The company closed all of its U.S. stores last year but continues to sell to American customers online. On Friday Ms. Roach said she believes there is room to grow the U.S. e-commerce business.

Like other retailers, Roots has seen delays in product shipments owing to supply chain pressures caused by the pandemic, but chief financial officer Mona Kennedy said on Friday that the company took precautions by moving up its delivery dates. So while products are arriving later than planned, they are still in season.

The company’s selling, general and administrative expenses decreased in the first quarter, as Roots has continued to reduce costs. The retailer has also scaled back on promotions that it put in place earlier in the pandemic to drive sales, and is more focused on full-priced offerings, Ms. Kennedy said.

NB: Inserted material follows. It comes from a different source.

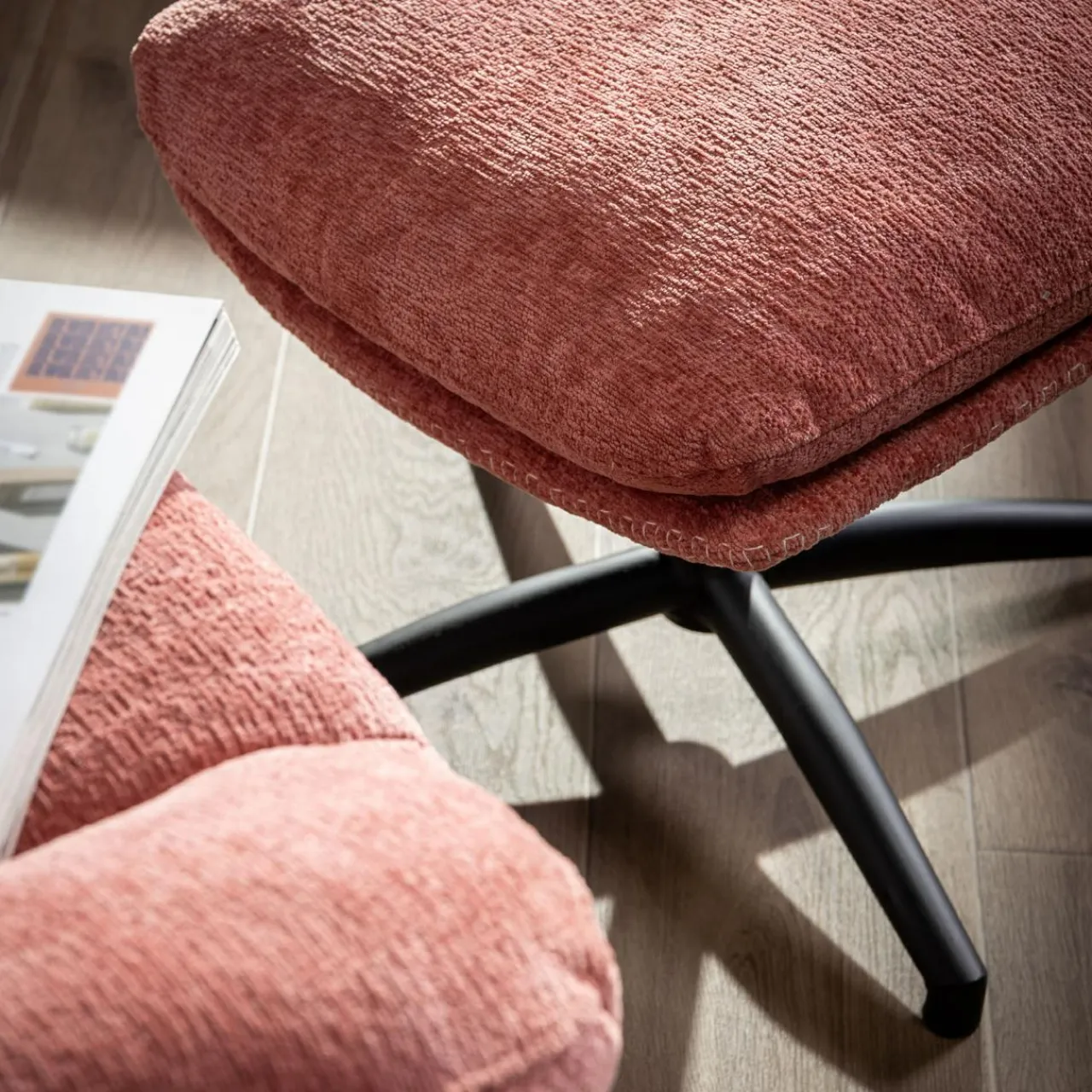 - Obicie fotela i podnóżka zostało wykonane z przyjemnej w dotyku tkaniny w kolorze różowym.

“In our view, Roots is one of the companies that will emerge from the pandemic far better positioned,” Bank of Nova Scotia analyst Patricia Baker wrote in a research note on Friday. “In fact, it is obvious that over the course of the last five quarters, this team has focused hard on driving improving fundamentals, with noted success. This paves the way for a significantly enhanced performance once we emerge from the pandemic-specific challenges associated with lockdowns and retail restrictions.”

Roots’s share price rose by nearly 9.6 per cent in trading on Friday, to $3.89 per share. The stock has rebounded somewhat this year after dipping below 70 cents per share in early April, 2020, as the pandemic began to hit the retail sector – and particularly apparel retailers – and mandated store closings heightened the uncertainty.